### PROBLEM DESCRIPTION
Print, with no pictures, the exact lines that run from the one containing "男性向けラノベタイトル風あだ名 | 『しぃぽんの嫁は女の子じゃないと思った?』 |" through the last line of the material below, both ends included.

### SUPPLIED INFORMATION
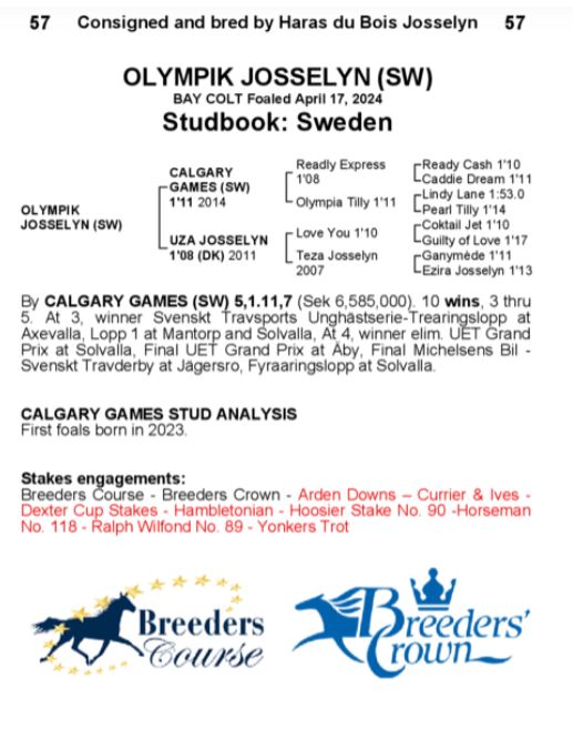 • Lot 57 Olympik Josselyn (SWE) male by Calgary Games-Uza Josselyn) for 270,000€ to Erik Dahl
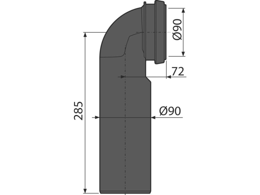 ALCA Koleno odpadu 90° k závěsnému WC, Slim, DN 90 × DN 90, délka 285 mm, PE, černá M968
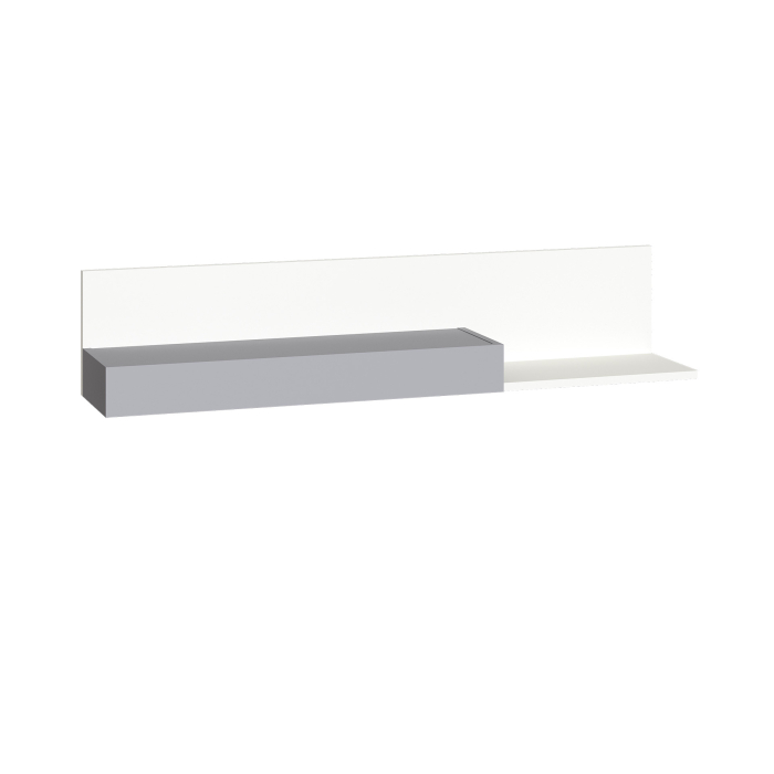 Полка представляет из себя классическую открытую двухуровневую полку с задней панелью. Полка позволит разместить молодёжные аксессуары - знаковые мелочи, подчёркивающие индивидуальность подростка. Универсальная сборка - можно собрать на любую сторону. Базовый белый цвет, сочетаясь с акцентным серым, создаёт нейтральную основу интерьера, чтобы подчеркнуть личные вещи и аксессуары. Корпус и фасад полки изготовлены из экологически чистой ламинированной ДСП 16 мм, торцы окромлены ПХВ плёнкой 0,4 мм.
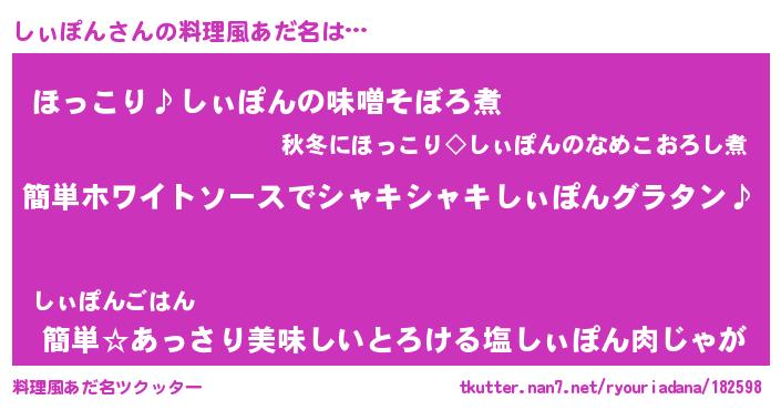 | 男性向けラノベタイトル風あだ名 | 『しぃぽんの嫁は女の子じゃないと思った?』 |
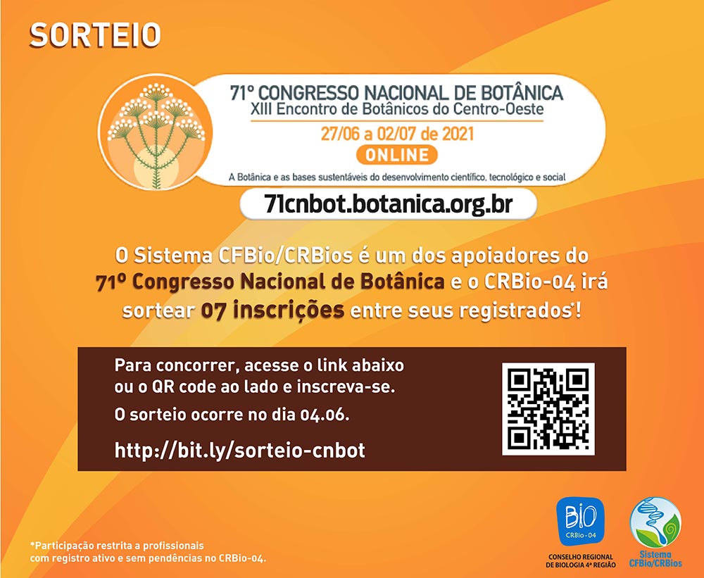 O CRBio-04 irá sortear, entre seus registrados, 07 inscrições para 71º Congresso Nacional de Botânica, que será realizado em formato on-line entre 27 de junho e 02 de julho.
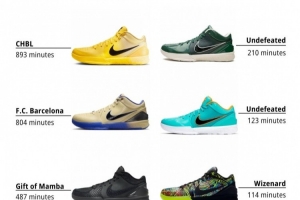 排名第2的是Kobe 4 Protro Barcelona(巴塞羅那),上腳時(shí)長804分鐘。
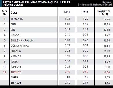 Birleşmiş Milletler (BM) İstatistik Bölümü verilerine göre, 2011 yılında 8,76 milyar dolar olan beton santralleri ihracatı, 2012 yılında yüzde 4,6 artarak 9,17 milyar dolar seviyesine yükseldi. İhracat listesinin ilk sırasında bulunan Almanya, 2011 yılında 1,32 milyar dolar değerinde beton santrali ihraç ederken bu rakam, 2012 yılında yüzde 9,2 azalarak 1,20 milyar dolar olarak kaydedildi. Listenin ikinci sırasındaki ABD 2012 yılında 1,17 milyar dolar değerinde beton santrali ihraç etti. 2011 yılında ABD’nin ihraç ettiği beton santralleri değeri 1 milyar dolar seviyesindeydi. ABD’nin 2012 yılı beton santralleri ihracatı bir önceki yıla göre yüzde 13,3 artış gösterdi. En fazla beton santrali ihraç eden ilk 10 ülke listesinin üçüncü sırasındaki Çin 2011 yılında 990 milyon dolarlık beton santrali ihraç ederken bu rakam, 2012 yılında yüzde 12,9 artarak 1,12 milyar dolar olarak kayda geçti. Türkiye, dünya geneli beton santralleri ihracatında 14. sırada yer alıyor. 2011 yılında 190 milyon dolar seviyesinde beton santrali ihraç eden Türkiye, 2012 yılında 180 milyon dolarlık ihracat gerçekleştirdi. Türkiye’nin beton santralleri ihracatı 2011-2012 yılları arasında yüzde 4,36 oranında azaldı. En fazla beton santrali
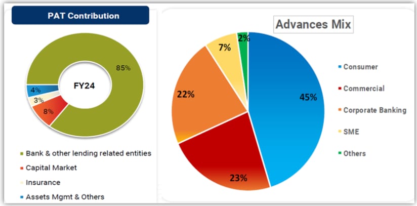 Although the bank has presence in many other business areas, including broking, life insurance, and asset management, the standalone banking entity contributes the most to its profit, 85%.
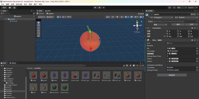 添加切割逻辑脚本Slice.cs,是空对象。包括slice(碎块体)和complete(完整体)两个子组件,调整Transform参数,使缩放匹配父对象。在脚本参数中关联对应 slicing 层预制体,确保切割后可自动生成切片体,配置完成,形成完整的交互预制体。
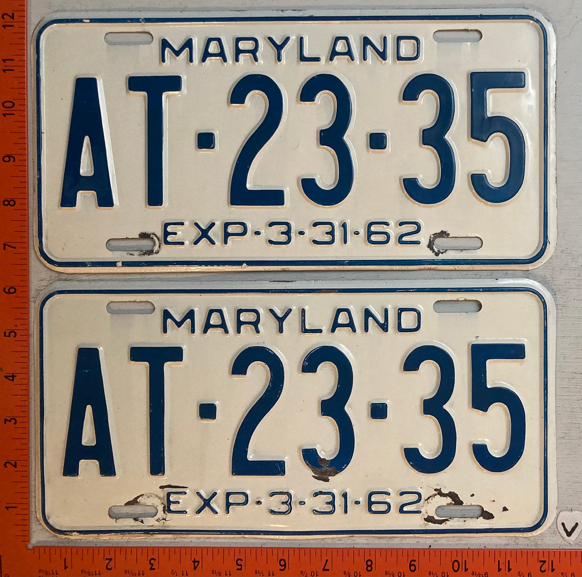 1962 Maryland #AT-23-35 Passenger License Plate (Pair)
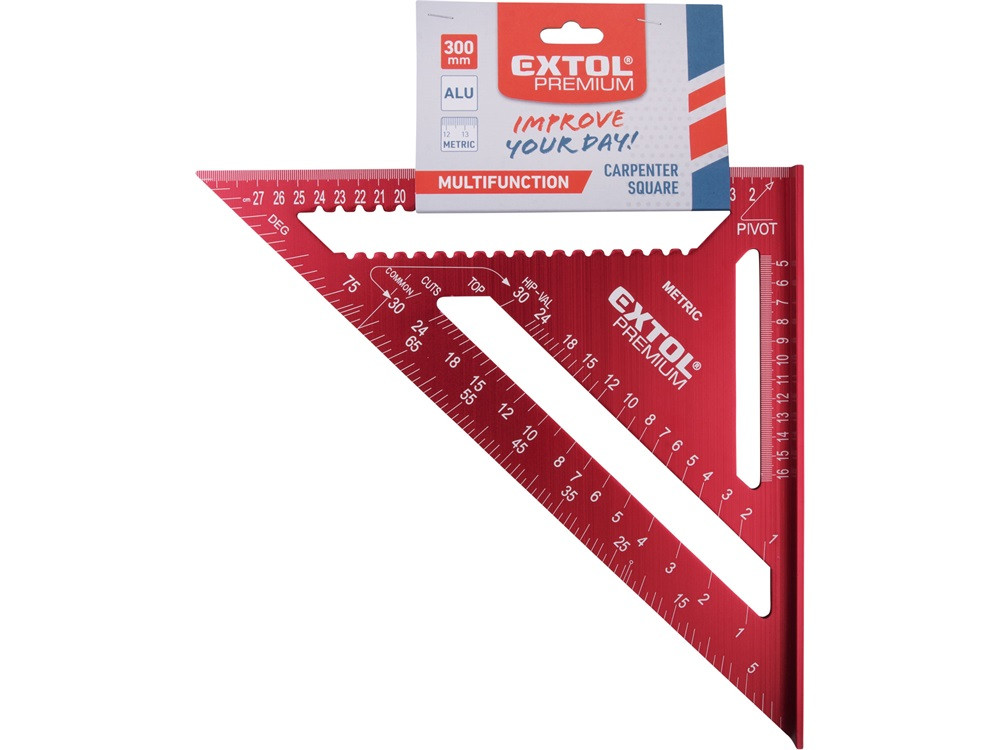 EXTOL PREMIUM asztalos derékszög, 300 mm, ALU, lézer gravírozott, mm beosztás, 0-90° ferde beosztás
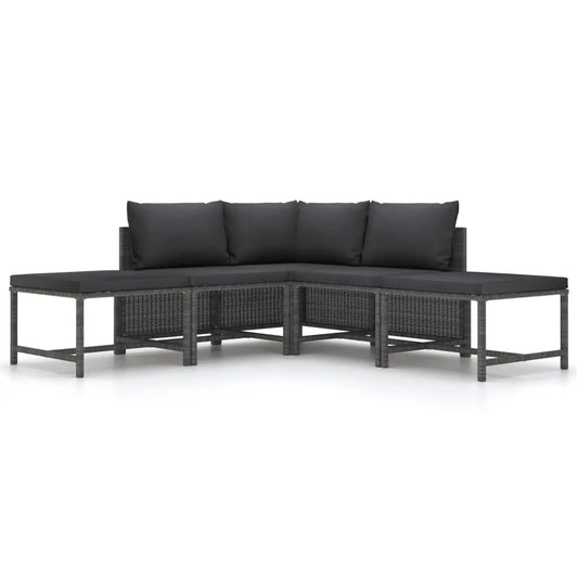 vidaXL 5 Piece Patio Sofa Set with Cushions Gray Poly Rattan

### WORKED SOLUTION
 | 男性向けラノベタイトル風あだ名 | 『しぃぽんの嫁は女の子じゃないと思った?』 |
 O CRBio-04 irá sortear, entre seus registrados, 07 inscrições para 71º Congresso Nacional de Botânica, que será realizado em formato on-line entre 27 de junho e 02 de julho.
 排名第2的是Kobe 4 Protro Barcelona(巴塞羅那),上腳時(shí)長804分鐘。
 Birleşmiş Milletler (BM) İstatistik Bölümü verilerine göre, 2011 yılında 8,76 milyar dolar olan beton santralleri ihracatı, 2012 yılında yüzde 4,6 artarak 9,17 milyar dolar seviyesine yükseldi. İhracat listesinin ilk sırasında bulunan Almanya, 2011 yılında 1,32 milyar dolar değerinde beton santrali ihraç ederken bu rakam, 2012 yılında yüzde 9,2 azalarak 1,20 milyar dolar olarak kaydedildi. Listenin ikinci sırasındaki ABD 2012 yılında 1,17 milyar dolar değerinde beton santrali ihraç etti. 2011 yılında ABD’nin ihraç ettiği beton santralleri değeri 1 milyar dolar seviyesindeydi. ABD’nin 2012 yılı beton santralleri ihracatı bir önceki yıla göre yüzde 13,3 artış gösterdi. En fazla beton santrali ihraç eden ilk 10 ülke listesinin üçüncü sırasındaki Çin 2011 yılında 990 milyon dolarlık beton santrali ihraç ederken bu rakam, 2012 yılında yüzde 12,9 artarak 1,12 milyar dolar olarak kayda geçti. Türkiye, dünya geneli beton santralleri ihracatında 14. sırada yer alıyor. 2011 yılında 190 milyon dolar seviyesinde beton santrali ihraç eden Türkiye, 2012 yılında 180 milyon dolarlık ihracat gerçekleştirdi. Türkiye’nin beton santralleri ihracatı 2011-2012 yılları arasında yüzde 4,36 oranında azaldı. En fazla beton santrali
 Although the bank has presence in many other business areas, including broking, life insurance, and asset management, the standalone banking entity contributes the most to its profit, 85%.
 添加切割逻辑脚本Slice.cs,是空对象。包括slice(碎块体)和complete(完整体)两个子组件,调整Transform参数,使缩放匹配父对象。在脚本参数中关联对应 slicing 层预制体,确保切割后可自动生成切片体,配置完成,形成完整的交互预制体。
 1962 Maryland #AT-23-35 Passenger License Plate (Pair)
 EXTOL PREMIUM asztalos derékszög, 300 mm, ALU, lézer gravírozott, mm beosztás, 0-90° ferde beosztás
 vidaXL 5 Piece Patio Sofa Set with Cushions Gray Poly Rattan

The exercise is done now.